◆ **WHAT TO DO**
Only the pictures are to be left out; please reproduce everything else in the data exactly.

═══ DATA SHOWN ═══

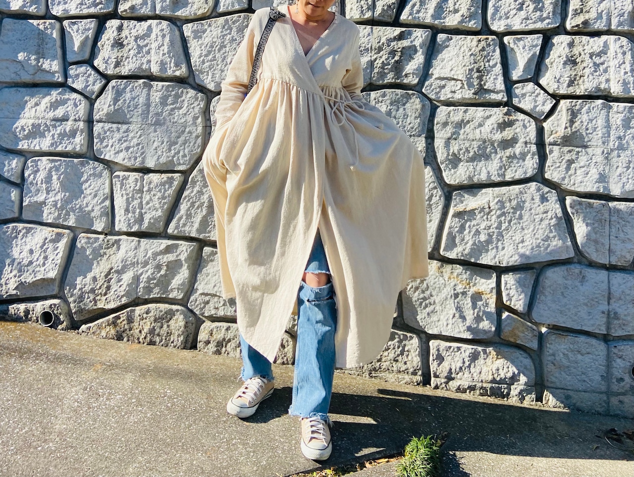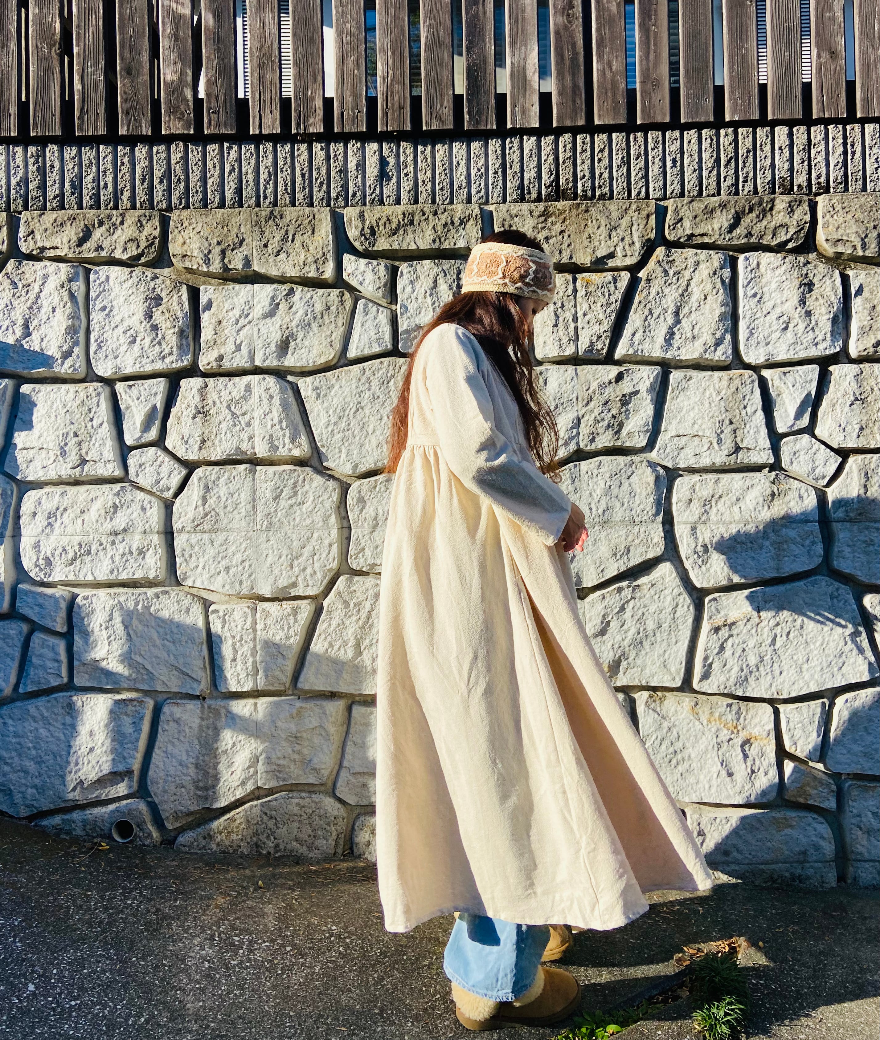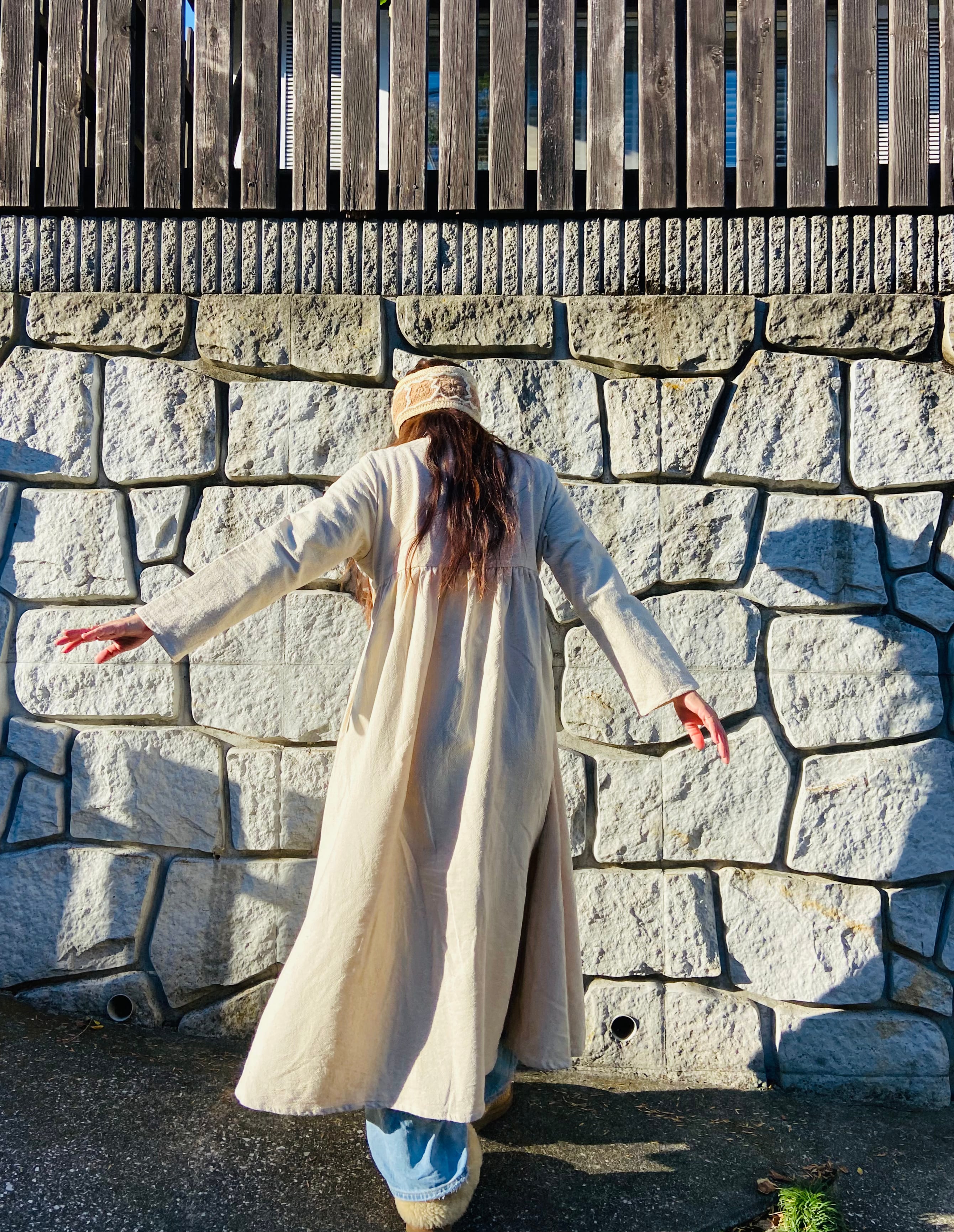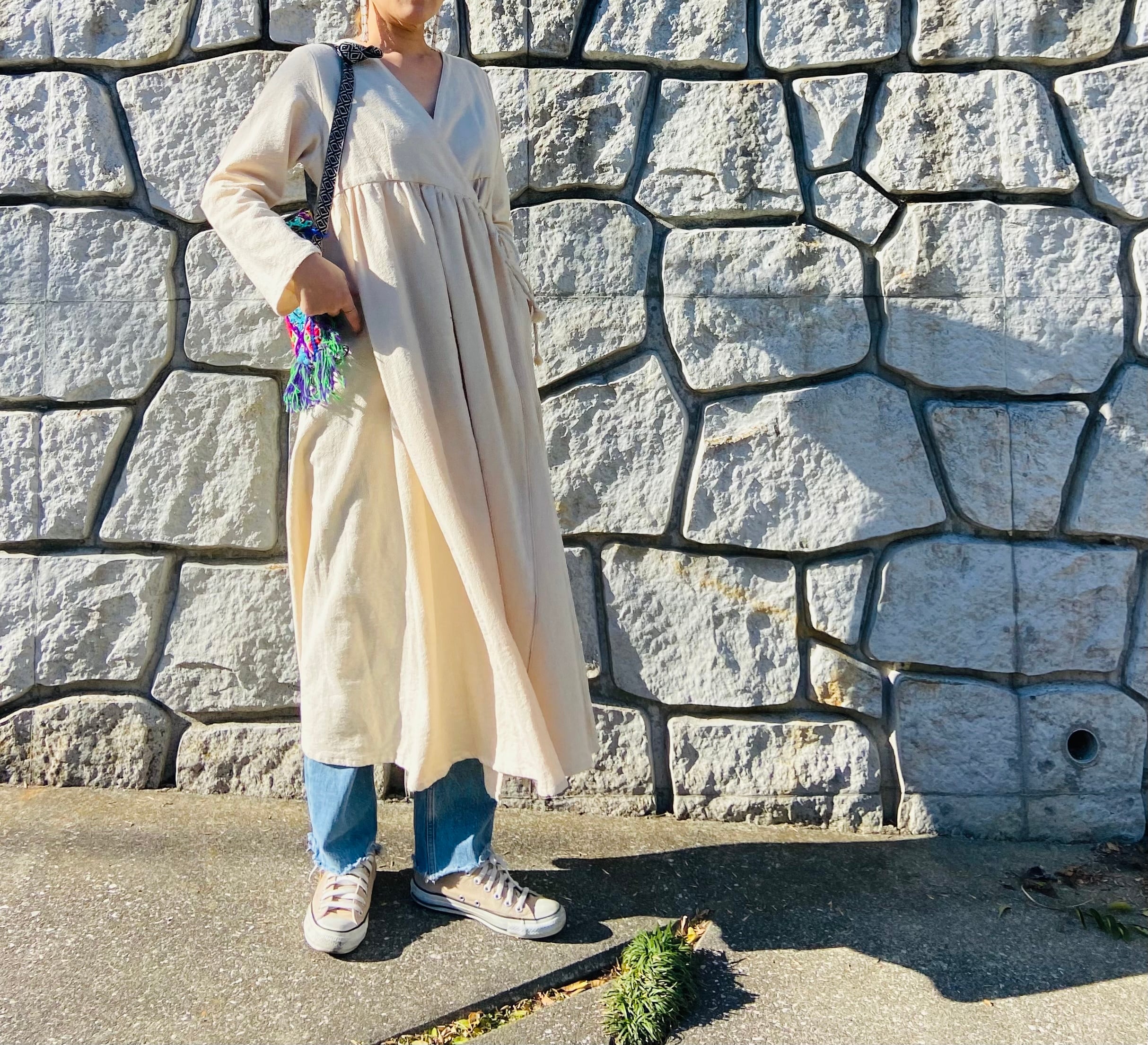 春夏は1枚でワンピースとして、秋冬は中にタートルネックやインナーと合わせてデニムなど合わせてガウンとして、いろいろなスタイリングが出来ます。
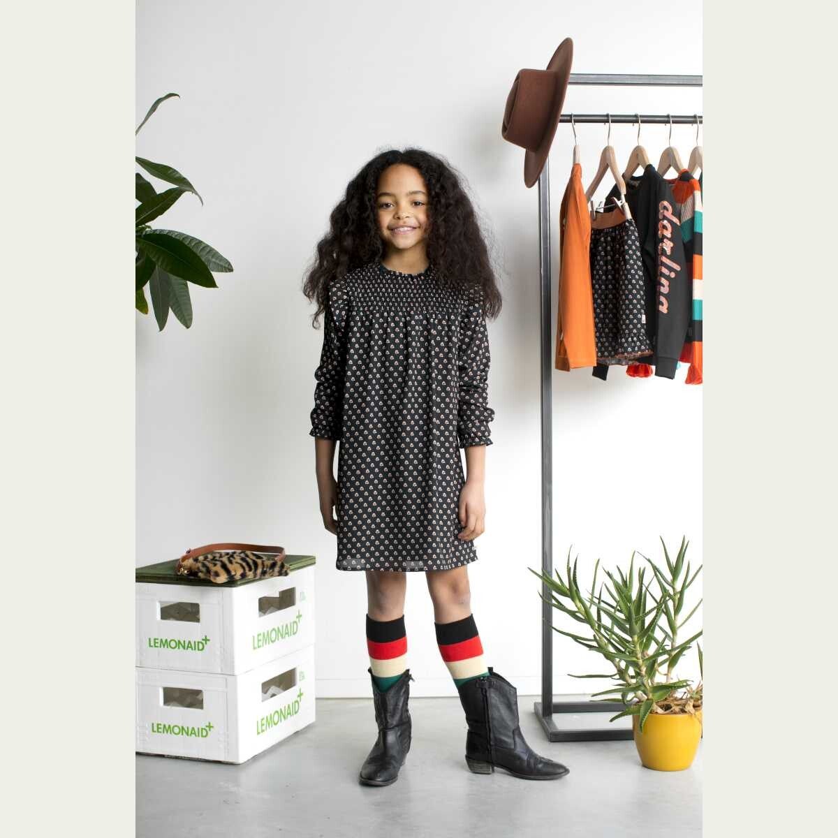 Prachtig en hip, dit mooie Moodstreet jurkje! Gemaakt in een geweven recycled polyester met een een stoere bloemenprint. Het smockdeel aan de bovenkant en de roezels maken 'm helemaal af!
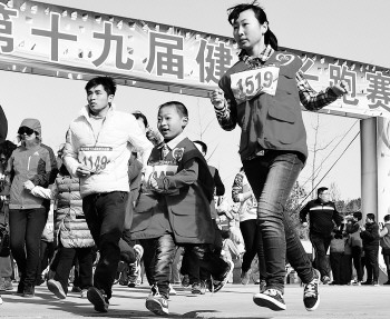 ①②③④ 22日,“烟台市第十九届万人长跑”活动在福山区鸣枪起跑,参与的市民中有60岁的老人,也有七八岁的小孩。
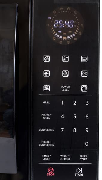 Панель управления находится в традиционном для СВЧ-печей месте — справа от дверцы. Дисплей расположен вверху, под ним — кнопки выбора автоматических программ и режимов, внизу можно увидеть две главные управляющие кнопки — «Stop» и «Start». Панель управления не перегружена и оформлена подчеркнуто строго и просто, что делает целостным общий стиль прибора.

═══

◆ **EXERCISE SOLUTION**
 春夏は1枚でワンピースとして、秋冬は中にタートルネックやインナーと合わせてデニムなど合わせてガウンとして、いろいろなスタイリングが出来ます。
 Prachtig en hip, dit mooie Moodstreet jurkje! Gemaakt in een geweven recycled polyester met een een stoere bloemenprint. Het smockdeel aan de bovenkant en de roezels maken 'm helemaal af!
 ①②③④ 22日,“烟台市第十九届万人长跑”活动在福山区鸣枪起跑,参与的市民中有60岁的老人,也有七八岁的小孩。
 Панель управления находится в традиционном для СВЧ-печей месте — справа от дверцы. Дисплей расположен вверху, под ним — кнопки выбора автоматических программ и режимов, внизу можно увидеть две главные управляющие кнопки — «Stop» и «Start». Панель управления не перегружена и оформлена подчеркнуто строго и просто, что делает целостным общий стиль прибора.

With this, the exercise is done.